I didn’t care that the gowned and white-tailed of Washington had stopped waltzing and stood staring at me. Or that Marge Babbington, president of the waltz group, was bounding over to throttle me. Her drunk husband had once slavered all over me at a party in Georgetown—he had fat wet lips that were disgusting—so I was not at all impressed with Marge Babbington.
“Mary, you must not be feeling well,” she said. “You must leave this place now. We’re just a dance group.”
“Cord, honey! Is your friend Johnny Rosselli here? Does he like to dance, too, or is it only murder that gets him off? You and Johnny Rosselli and William Harvey, the three of you are all planning outings. I don’t mean outings of spies—that’s a funny play on words, isn’t it?—I mean outings like picnics, right? Hey, wait a minute, let’s not forget about David Morales. What’s an outing without David Morales? Where are you, David Morales, Bill Harvey’s boy? You’re a damn good shot, they say!”
Two gorillas in tuxedos tried to rip the arms from my sockets as they dragged me across the floor, leaving Cord standing there, watching me disappear backward from his evening and his life. I continued to shout, ‘Is your friend Carlos Marcello here? Your business partner? You know, head of the Mafia in New Orleans? You’re both Skull and Bones, right? Of course, his experience of skull and bones is a little more literal than yours, right, Cord? And what about V, Cord, what about V? The young fellow from your office. What did you do to V?”
My last picture of Cord was of a very small man with only one eye and a falling cummerbund, and I wondered how this brilliant young boy I once married could have accumulated so much evil as to be part, when he wasn’t waltzing, of a plan to assassinate Fidel Castro.
SEPTEMBER 27
Entropy is the natural bent of the universe. All explodes, all descends to chaos: that’s the law of thermodynamics, as explained in an article I read in Scientific American. Entropy must be the explanation for the Warren Commission report, a report that would be more accurately entitled “Fictions from an Assassination.” It has arrived in bookstores with the smell of fresh paper and ink and the promise that each new book brings, that of a world made more vivid or at least more comprehensible. It is how Jack must have felt when the fresh copy of Ivanhoe was brought to his room on his tenth birthday, inscribed to him by his mother and father in the handwriting of a servant. He still keeps that copy of Ivanhoe on his shelf in the White House. He showed it to me proudly one night; we kissed tenderly, and I said he was my hero, my Ivanhoe, making an assumption, since I am unfamiliar with the plot.

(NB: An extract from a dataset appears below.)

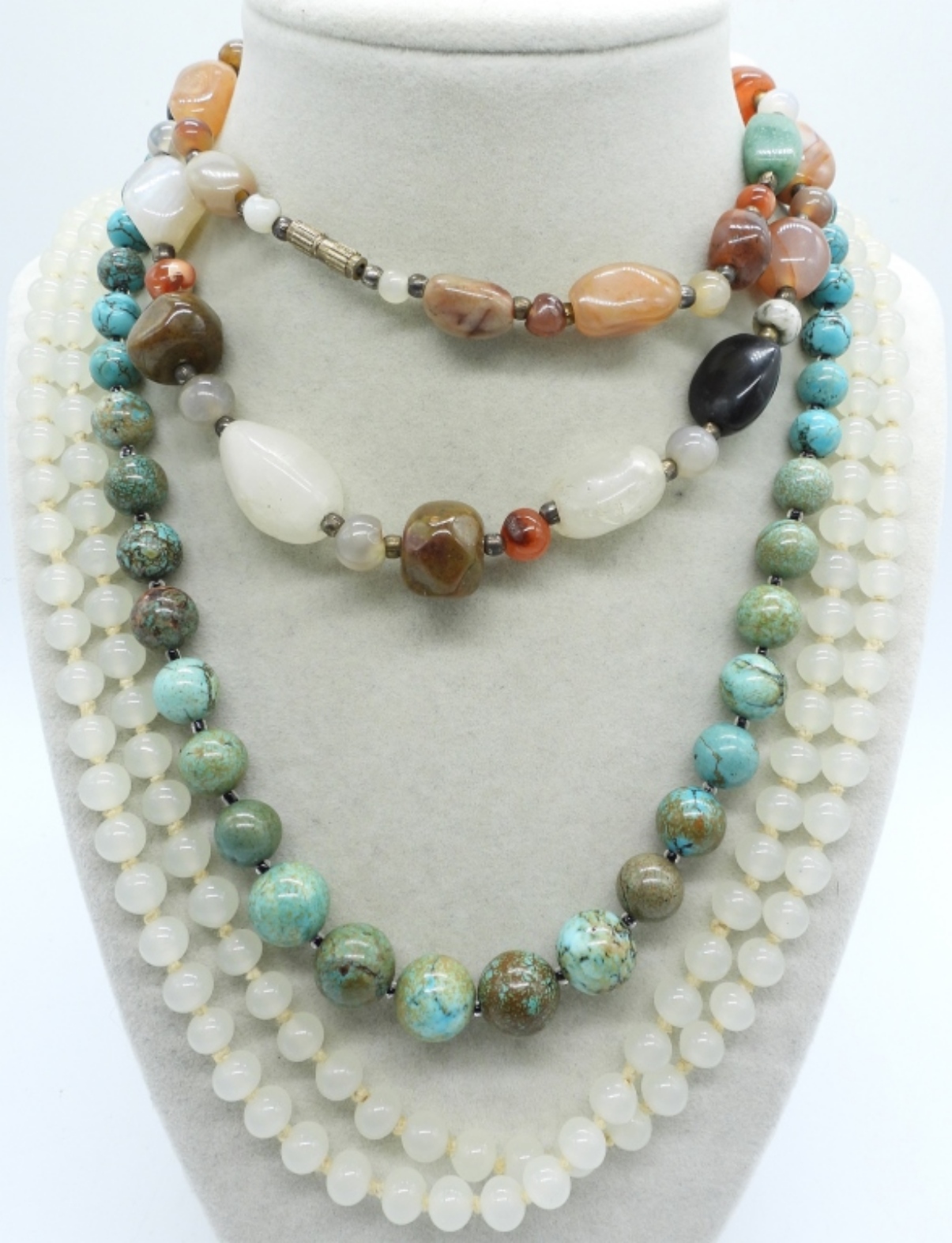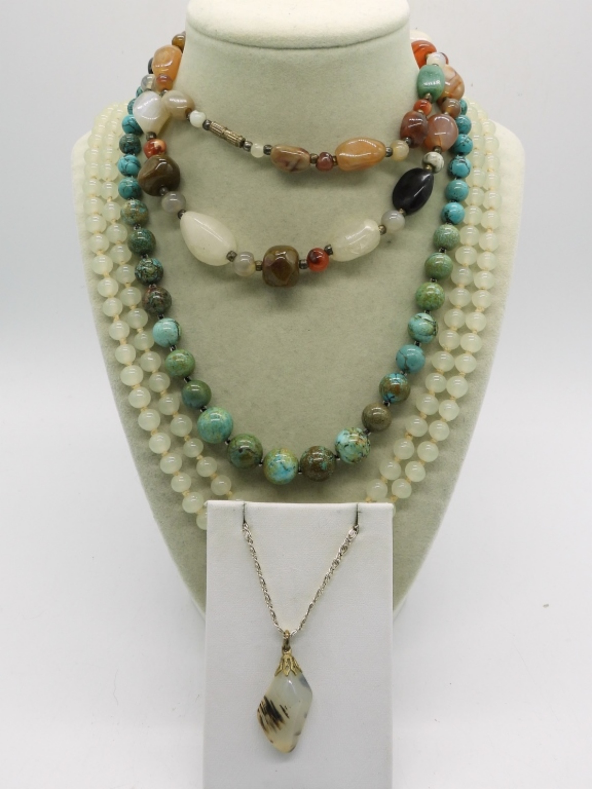 FOUR NATURAL GEMSTONE NECKLACES. VINTAGE AND MODERN. 16″, 18″, 24″, 58″.

But the book I hold is no book of heroes. The book I just purchased from the Savile bookstore was not written by heroes. Its purpose is to conceal rather than reveal, printed up in the millions and dispatched to bookstores everywhere. Perhaps only the Bible will exceed it in sales. Yes, the Warren Commission report was released today.
SEPTEMBER 29
The Group is abandoned. I will finish that novel someday. Now I am underlining the Warren report to mad death, dog-earing its pages, scribbling on it, defacing it with questions. With accusations. I write notes in the margins, notes of a madwoman, desperate to return the report back down the vortex from which it arose.
What about the shots from the front? What about the mob and the Cubans and Lucien Sarti and William Harvey and E. Howard Hunt and Carlos Marcello and Jack Ruby and David Ferrie? You don’t think I know? Once again I stand against the grain of the universe, confronting the narrative they have constructed to replace truth, to replace the facts as they occurred to a man whom no one will ever know I loved.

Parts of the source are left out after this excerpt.